I don’t think a boycott will stop it. More likely it will be the flurry of Lawsuits for IP theft, Copyright Theft and even patent violation that will start flying around.
Oh I almost forgot. DMCA and all that stuff come into play.
Prepare yourselves for SCO mk 2. It will be along haul with no winners except for the Lawyers (as always)
That just makes me want to buy it more.
I think this is a market ploy by both parties. What I think is that it was going to delayed again so instead of staying quite about it why not make it so people would be talking about the device. What better way to do that than with a controversial story.
To me this just seems the usual pains that arise when pie-in-the-sky plans developed by someone without the business knowledge to bring a product to fruition (much less calculate what it’s REALLY going to cost to build) butts heads with an actual business.
This can be seen in the rose-coloured glasses needed to come up with the original claimed feature-set at a price point of only $200. If a company with a deep-ass R&D like sony price-points a PSP3K at $189 and the PSP Go at $289 (street $150 and $260 respectively) there is no way in hell something with that big a display and that much Internet capability is going to cost less than a netbook.
Fusion Garage to me seems to at least have some business acumen, and technical understanding… While TechCrunch strikes me as pipe-dream idea men, with the naivete that usually goes with that.
Kind of like the OLPC … Arrington being the equivalent of Negroponte, throwing hissy fits over hardware vendors actually expecting to get paid for building ***, hissy fits over being told “Your price point is completely unrealistic”, and failing to understand the financial reality of bringing a product of this nature to market – or that just ‘being the idea guy’ doesn’t entitle you to the majority of the markup from sales. (Notice I say markup – since I get the feeling Arrington doesn’t even know the difference between it and profit)
Quite an odd take at that, since by all accounts so far Fusion Garage never was so much involved in the hardware side of things. They got involved late in the project to work on the software, after the first series of prototypes already was made. Seem like they may have handled some sort of following up on the manufacturer side. But by the sounds of it, more like convenience by being based in the same country, rather than providing hardware resources.
From the now removed web-pages of Fusion Garage, their contribution and product seemed to be a simple “OS” starting directly into a web browser. And with the emerge of ChromeOS, their presence in the future seem to become rater irrelevant.
No doubt Arrington have enough PR understanding that riding the ChromeOS hype would have made sense. And at that point it would have made Fusion Garage only option for further involvement, reducing it to a sw outfit tailoring ChromeOS to the CrunchPad rather than entrepreneurs delivering a valuable intellectual property in form of a “browserOS”.

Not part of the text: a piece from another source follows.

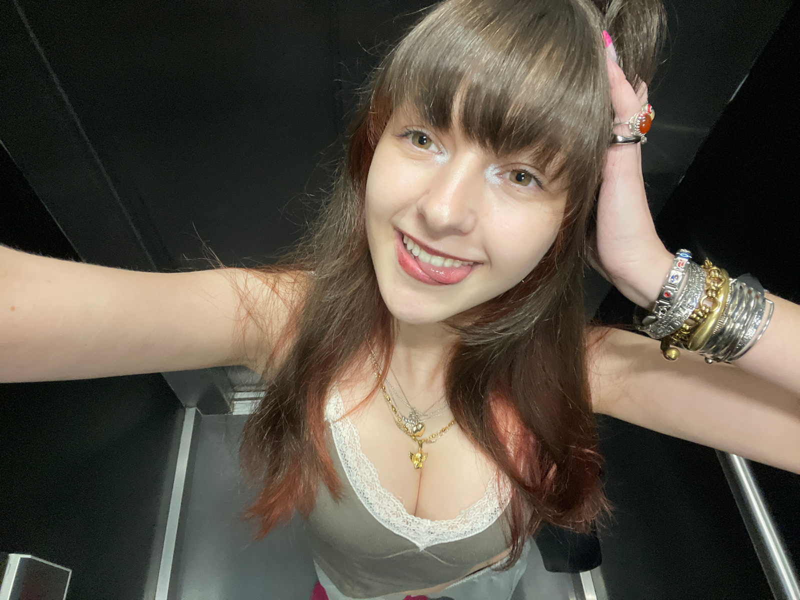 A woman lies on a dark surface, possibly a bench or seat, oriented at an angle to the camera. She wears a low-cut, light green top with white lace trim and multiple necklaces, including one with a gold pendant. Her brown hair has reddish highlights, and she has fair skin, wearing makeup. She is smiling slightly with her tongue visible. A stack of bracelets adorns her left wrist. The background consists of a light gray wall with a metallic accent and a dark, likely black surface. The location is Raanana, Israel, but the photo does not provide information to be more specific within the city. The image is a selfie. | Open Wire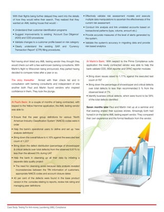 Paul Reuben and Martin Chipperfield, managers at two different banks, discussed their need to find an independent testing house to thoroughly test their banks' anti-money laundering systems and ensure compliance. They both ended up selecting the same vendor, Thinksoft Global Services, who was able to identify defects, help improve data quality, and validate that the systems met regulatory requirements like know-your-customer procedures. The vendor overcame challenges like limited access and timeframe to deliver thorough testing that satisfied both banks.

Edited 2009-12-06 20:33 UTC
Umm.. Arrington has let’s say a casual relationship with the truth.
My advice would be to take anything he has to say with a dose of salt because he will probably tell some other story in a few weeks.
As Engadget is reporting, http://www.engadget.com/2009/12/05/michael-arrington-says-crunchpad… Arrington claims he’s the “outright owner of the CrunchPad trademark,” but that’s just a blatant lie. He applied for the CrunchPad trademark on November 17, the same day he says Fusion Garage notified him of the split.
That’s appears to me to be a cover your ass maneuver and he pretty much lied about it to his own readers. Everything about the story is pretty fishy.
That would be a very poorly executed plan if it were actually a coordinated PR stunt. I am more inclined to believe that the business interested made a decision which they think is within their authority to do based on the goals they set.
Well, this is the internet and Thom has the right to be a wacky conspiracy theorist as much as the next guy.